According to a study including statisticians from the Department of Mathematics at King’s, Artificial Intelligence (AI) is unable to effectively identify whether someone has Covid-19 just on the sound of their cough.
A model that merely employed symptoms reported by individuals themselves combined with their demographic data, such as age and gender, did not outperform a system that used Machine Learning (ML) algorithms to detect Covid-19 infections, according to research that examined the accuracy of ML algorithms.
In order to ascertain whether AI classifiers could be used as a potential replacement for lateral flow tests, which could be less expensive, less environmentally wasteful, and more accurate, researchers undertook an independent review of how ML algorithms performed as a Covid-19 screening tool. This was commissioned by the UK Health Security Agency as part of the government’s pandemic response.
The project was overseen by the Alan Turing Institute and Royal Statistical Society and involved a group of researchers from the Universities of Oxford, Imperial College London, and University College London, as well as Professor Steven Gilmour, Dr. Davide Pigoli, Dr. Vasiliki Koutra, and Kieran Baker from the Department of Mathematics at King’s.
The team gathered and analyzed a dataset of audio recordings from 67,842 people who had also taken a PCR test and had been recruited in part through the NHS Test-and-Trace program and the REACT-1 study. Participants were instructed to record their breathing, talking, and coughing. Around 23,000 of them tested positive for Covid-19, according to the results of their PCR tests.
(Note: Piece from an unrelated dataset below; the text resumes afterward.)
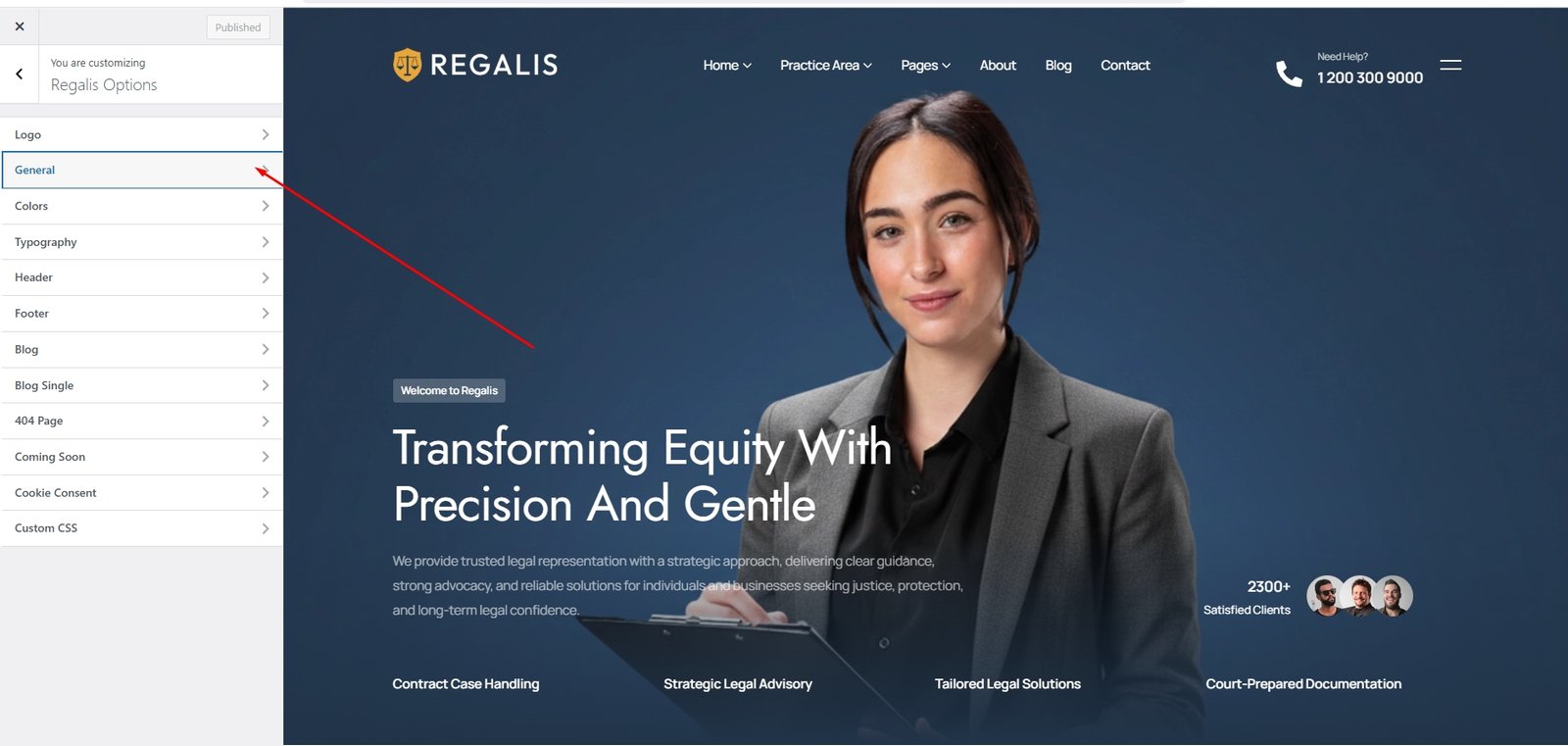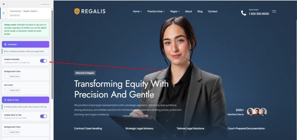 Requirements Getting Start Theme Installation Required Plugin [1] Plugins Documentation and Video Tutorials Importing Demo Content How To Set Default Home Page Theme Customization Options [8] General Settings Site Settings Color & Typography Settings Header and Footer Settings 404 Page Coming Soon Page Blog & Single Blog Settings Cookie Consent Edit Header Information Edit Footer Information Menus Create & Setup [2] Mega Menu Mega Menu Edit Elementor Widget [2] Widget On/Off Extension On/Off Troubleshooting [2] Demo content installation Failed 404 Error in all pages Update The Theme [3] Envato Market Plugin Manual Update Update by FTP Locate your Envato Item Purchase Code Contact Translations Home / Documentation / Regalis – Lawer, Attonery and Law Firm WordPress Theme / Theme Customization Options General Settings Appearance -> Customizer -> Regalis Options -> General Settings Preloader On/Off Preloader Background Color Preloader Dot Color Back To Top On/Off Back To Top Background Color Back To Top Icon Color Publish Changes Doc navigation Site Settings > Was this page helpful? Yes No Leave a Reply Cancel replyYour email address will not be published. Required fields are marked *Comment * Name* Email* Website Save my name, email, and website in this browser for the next time I comment.

The findings of people’s Covid-19 test were then compared with the audio recordings that researchers used to develop a machine learning model. The results of earlier studies, including research by Massachusetts Institute of Technology, which reported up to 98.5 percent accuracy from AI classifiers predicting whether someone had Covid-19 based on audio recordings, were consistent with the initial findings of the current study. At first, in an unadjusted analysis of the data, the AI classifiers appeared to predict Covid-19 infection with high accuracy.
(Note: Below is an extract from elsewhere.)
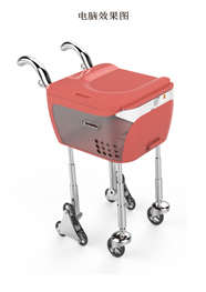 辅助功能定位:第一,购物车箱体大部分采用透明的材质,以方便老年人观看内部商品;第二,箱体部位有不规则的小孔,是为了让里面保持空气通畅,不至于产生异味;第三,箱体两侧有抠手,主要是为了遇到过高的地方,可以手提;第四,购物车本身装有拉杆,在上下楼时,可以将拉杆抽出,向上或向下进行拖拽;第五,购物车本身可以休息乘坐,盖子就是一个结实的座椅;最后,箱体前侧安有锂离子电池的灯,是一种手动开关所控制的,非常方便老年人在昏暗的地方推车行走。

But, after further research, the findings from this most recent study showed a different picture.
“The AI models failed to perform well in terms of accuracy when we grouped participants of the same ages, genders, and symptoms into pairs, with only one of them having Covid-19, and evaluated these models on the matched data,” said Kieran Baker, PhD student at King’s College London and research assistant at the Alan Turing Institute.
The accuracy seems to be a result of confounding, a statistical effect. The model is learning that if you have symptoms in the audio, this is a proxy for Covid-19 infection, and no respiratory symptoms suggests Covid-free. Nearly all of the individuals in our sample who have Covid-19 have some symptoms. As a result, it overdiagnosed Covid-19 instances. Because Test and Trace only hired those with symptoms, the sample wasn’t representative of the general population, which leads to the confounding, according to Kieran Baker.
Our results show that audio-based AI classifiers were not able to outperform straightforward predicting ratings based on user reports of symptoms in real-world contexts.
Despite the fact that the study did not produce a novel treatment for Covid-19 or other diseases that require screening and diagnosis, the researchers were able to introduce new techniques for characterizing complex, high-dimensional bias and offer best-practice suggestions for handling recruitment bias. The results also provided new information for evaluating the usefulness of audio-based classifiers in pertinent real-world contexts.
Head of the Mathematics Department Professor Stephen Gilmour stated:
This study is current in that it emphasizes the need for prudence while developing machine learning evaluation techniques that are intended to produce meaningful performance indicators. Many applications in AI—where biases are frequently difficult to detect and difficult to correct for—can benefit from the crucial insights learned from this case study on the impacts of confounding. ” \s– Stephen Gilmour Kieran Baker, a professor, said:
Future systems that employ AI audio classifiers like this one are yet conceivable. Recent studies demonstrate improvements in the ability to identify chronic obstructive pulmonary disease (COPD) and sleep apnea using audio recordings.
But, “it is crucial that these models, together with the data, go through thorough model development and testing in order to be certain that this is really working as we anticipate.”